Dadurch entsteht ein „Durst nach Rendite", der Investoren in Schwellenmarktanlagen drängt, sagte Rollo Roscow, Fondsmanager bei Schroders in London. Nach der Aufnahme des billigen Geldes, das die Zentralbanken auf ihre Finanzsysteme verteilt haben und dem Kauf aller offensichtlichen Werte sind die Bewertungen in vielen entwickelten Märkten angespannt.

Dazu sagt Roscow:

«*Wer sagt, dass die Schwellenländermärkte nicht erneut bewertet werden sollten?»*

Denn selbst nach der jüngsten Rally, ist der Rabatt in der Bewertung zwischen Industrie- und Schwellenländern groß, gemessen durch Kurs-Gewinn-Verhältnisse und dergleichen. Und es ist nicht so, dass politische Unruhen auf Schwellenmärkte begrenzt sind - siehe Brexit, Donald Trump und Burkinis. Warum sollten Anleger solch hohe Preise für die vermeintlich sicheren Anlagen bezahlen?

Solange die Geldpolitik über ihre angeschlagenen Volkswirtschaften besorgt sind, werden die Zinsen niedrig bleiben und die Liquidität an bedürftige Banken und andere Schuldner fließen. Dies geht das Denken legt nahe, dass die Emerging-Markets-Rallye weiter laufen muss.

Der Bärenfall: Ein Absturz kommt

Nicht so schnell. Der stetige Anstieg in Schwellenmarktanlagen wurde abrupt gestoppt, als ein Beamter des US Federal Reserve davor gewarnt hat, dass „der Markt günstig" für die Möglichkeit einer Zinserhöhung in diesem Jahr steht. Ein Anheben des wichtigsten Leitzins der Welt aus dem Nichts würde den „länger für weniger" Konsens zerbrechen und ein breiteres Umdenken der Anleger Risiko-Rendite-Berechnungen erzwingen.

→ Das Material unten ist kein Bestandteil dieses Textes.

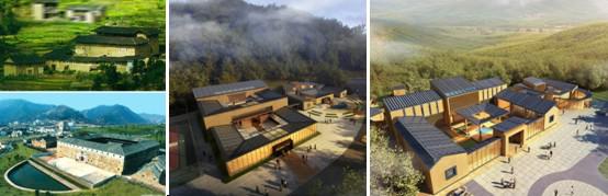 在铜鼓峰旅游度假区项目设计中,围绕客家第一峰的项目主题,设计了以客家围屋为原型的系列建筑设计方案,遵循传统客家建筑“天人合一”的理念,在外观、材料、功能上进行了系列的创新设计,提高传统客家围屋建筑的现代适用性的同时,实现对传统客家文化灵魂的延续。除了以神似为主的主题氛围营造,还有原滋原味的场景重现打造方式,让游客置身其中,如同进入当时的情景。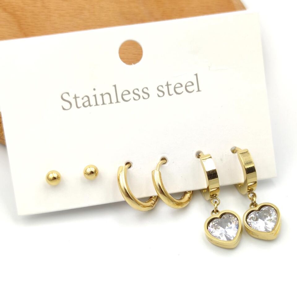 KALP HALKA TOP ÇELİK ÜÇLÜ KÜPE KOMBİN SET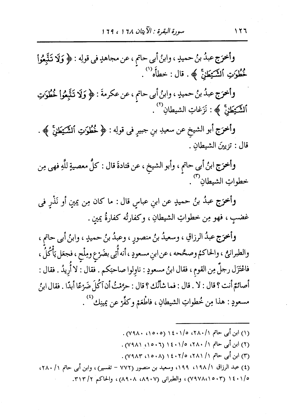 وأخرج ابن أبي حاتم عن ابن عباس قال : ما خالف القرآن فهو من خطوات الشيطان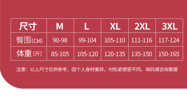 Size M (42.5-52.5kg),L (52.5-60kg),XL (60-67.5kg),2XL (67.5-75kg),3XL (75-82.5kg)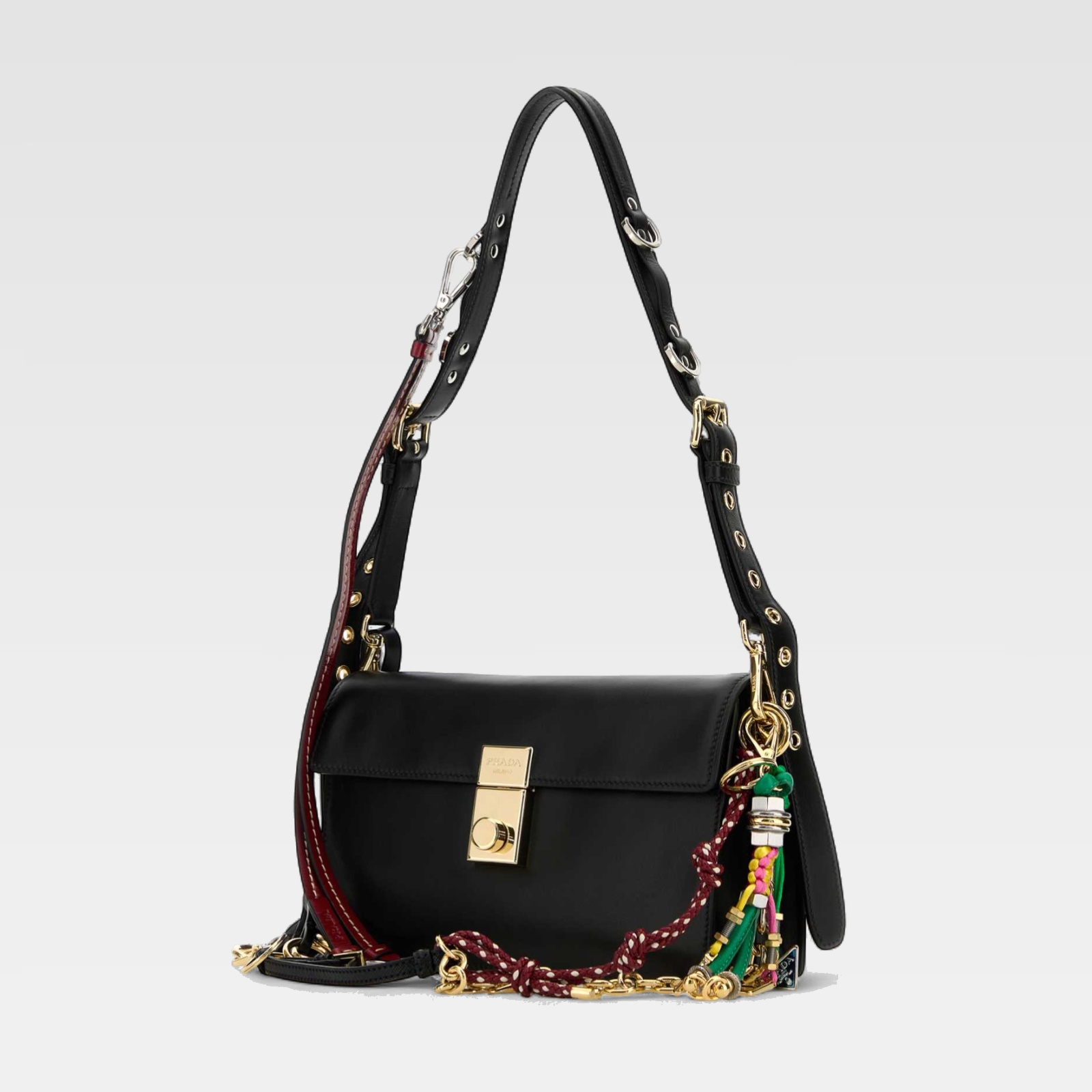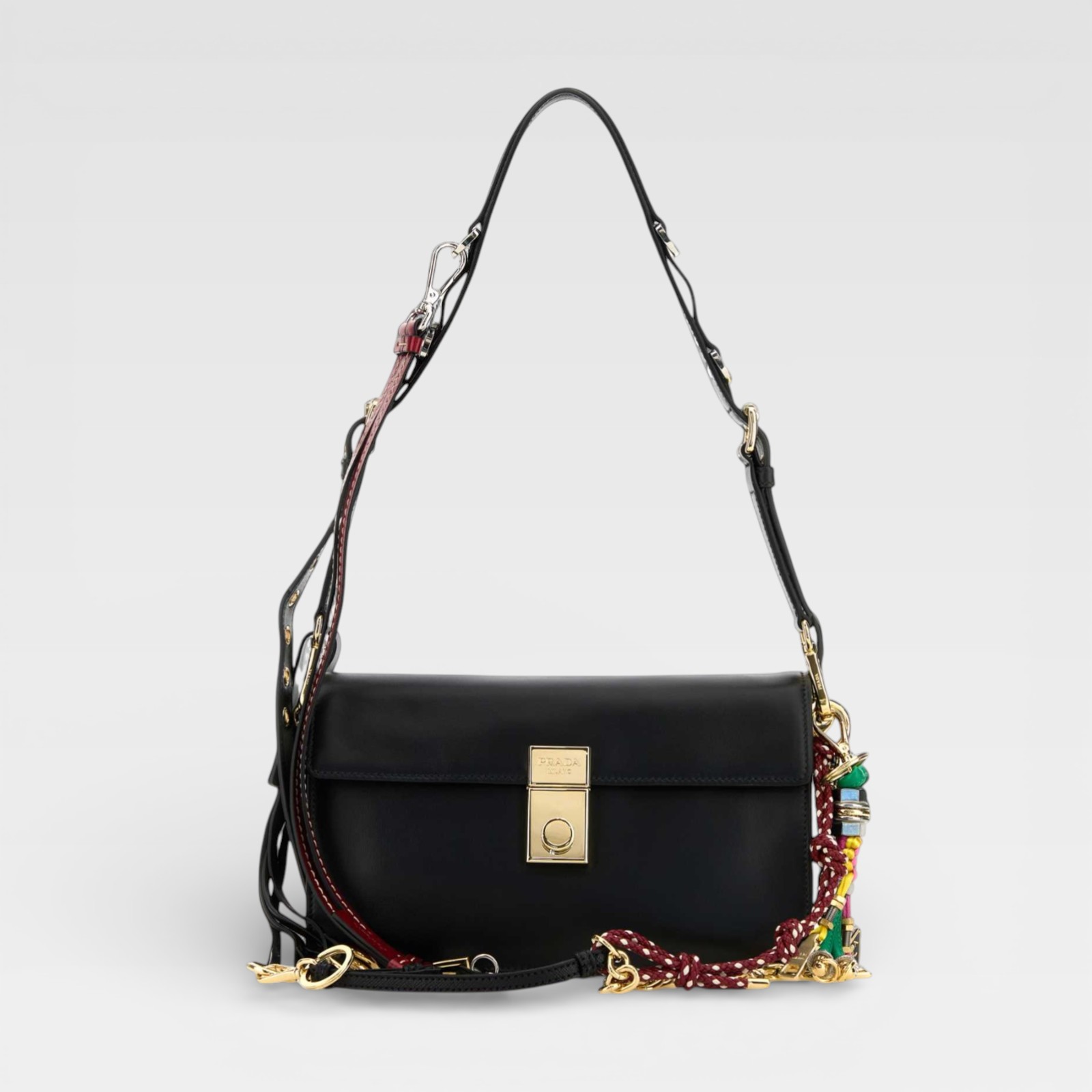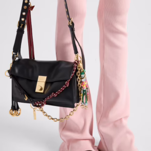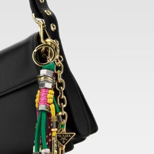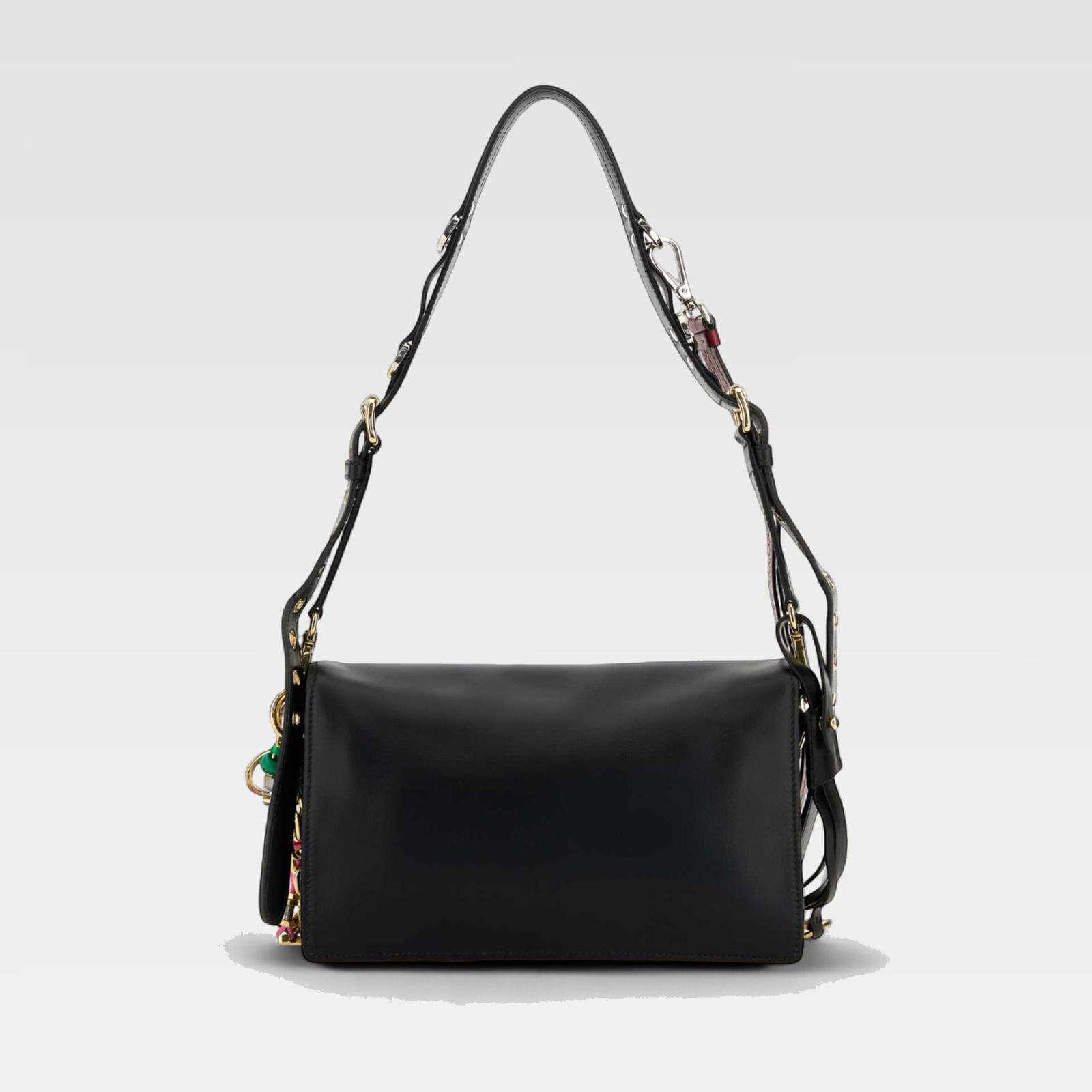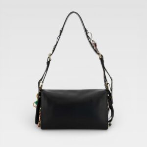 Bolso de estructura rectangular confeccionado en piel negra, con solapa frontal y cierre metálico dorado. Destaca por su correa de hombro ajustable y una correa adicional decorada con detalles trenzados multicolor y apliques metálicos, aportando un toque único y moderno al diseño clásico.
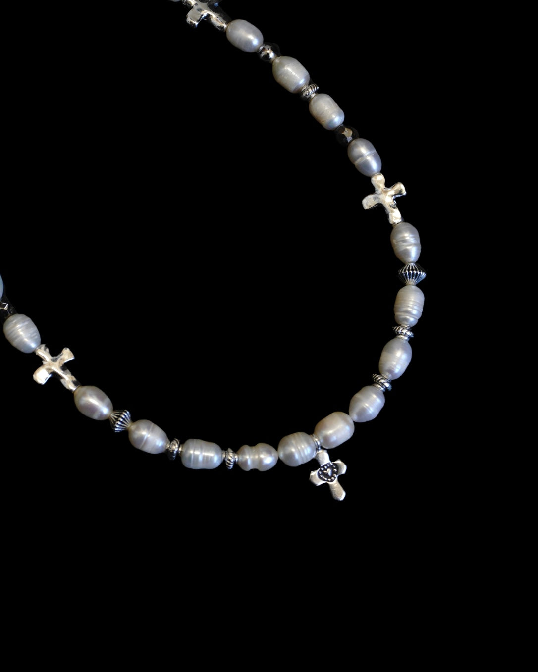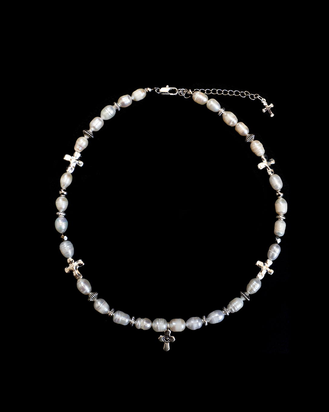 自然を敬い、霊を畏れ、正直、誠実を美徳とする価値観を持つアジアの先住民が手で作る純度の高いシルバー95%パーツと本真珠(フレッシュパール)を使用したネックレス。
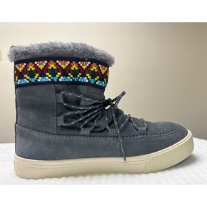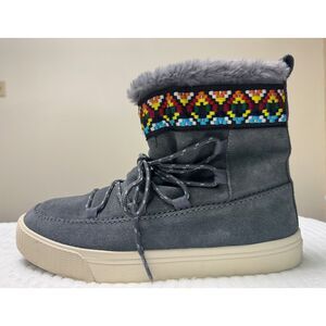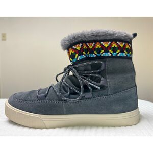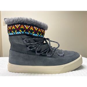TOMS Alpine Lace Up Suede Boots,Woven Southwest Band, Sz 8M

Hinzu kommt, dass die Vermögenswerte in vielen Schwellenländern aus einem bestimmten Grund relativ billig sind. Rezessionen in Russland und Brasilien werden schließlich enden, aber robustes Wachstum danach ist noch lange nicht gesichert. Chinas sprunghaftes, mehrdeutiges Engagement seiner gefährlich unausgewogen Wirtschaft und ein entscheidender Verbrauch der Waren auf den die Ressourcen abhängigen Emerging Markets angewiesen sind - ist ein weiteres großes Risiko für die Schätzungen, die zugrunde liegen.

Obwohl „verkauft alles" zu alarmierend sein könnte, sind Schwellenmarktanlagen idiosynkratischer als viele Anleger zu schätzen wissen könnten, vor allem solche die breit angelegte Indizes in den entwickelten Märkten kauften. Roscow sagt dazu:

«*Wir versuchen, nicht zu viel Top-down-Fokus zu verwenden.* Stattdessen ist es in den Schwellenländern besser sich auf die unternehmensspezifischen Treiber zu konzentrieren, mit ein wenig Makro-Ansicht gemischt».

Dies sind kluge Ratschläge für einige Märkte, die derzeit überbewertet sind. Dazu gehören Russland und Rumänien, die konservativ sind im Vergleich zu einem anderen Markt den Vermögensverwalter als "interessante Reformgeschichte" in ihrem Streben nach Renditen identifiziert haben: Georgien, wo die über nur eine Handvoll von börsennotierten Unternehmen verfügt, die oft tagelang, wenn nicht Wochen, ohne den Handel auskommen.